Göhl, D., Rueß, H., Schlicht, S., Vogel, A., Rohwerder, M., Mayrhofer, K. J. J., et al. (2020). Stable and Active Oxygen Reduction Catalysts with Reduced Noble Metal Loadings through Potential Triggered Support Passivation. ChemElectroChem, 7(11), 2404-2409. doi:10.1002/celc.202000278.


Cite as: http://hdl.handle.net/21.11116/0000-0008-5315-3
Abstract
The development of stable, cost-efficient and active materials is one of the main challenges in catalysis.
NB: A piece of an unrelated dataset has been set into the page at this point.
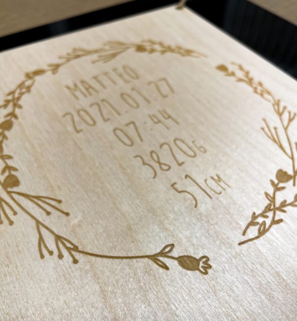 En fin och personlig födelsevimpel av trä. Passar perfekt som en dekoration i barnrummet eller som doppresent.

The utilization of platinum in the electroreduction of oxygen is a salient example where the development of new material combinations has led to a drastic increase in specific activity compared to bare platinum. These material classes comprise nanostructured thin films, platinum alloys, shape-controlled nanostructures and core–shell architectures. Excessive platinum substitution, however, leads to structural and catalytic instabilities. Herein, we introduce a catalyst concept that comprises the use of an atomically thin platinum film deposited on a potential-triggered passivating support. The model catalyst exhibits an equal specific activity with higher atom utilization compared to bulk platinum. By using potential-triggered passivation of titanium carbide, irregularities in the Pt film heal out via the formation of insoluble oxide species at the solid/liquid interface. The adaptation of the described catalyst design to the nanoscale and to high-surface-area structures highlight the potential for stable, passivating catalyst systems for various electrocatalytic reactions such as the oxygen reduction reaction. © 2020 The Authors. Published by Wiley-VCH Verlag GmbH Co. KGaA.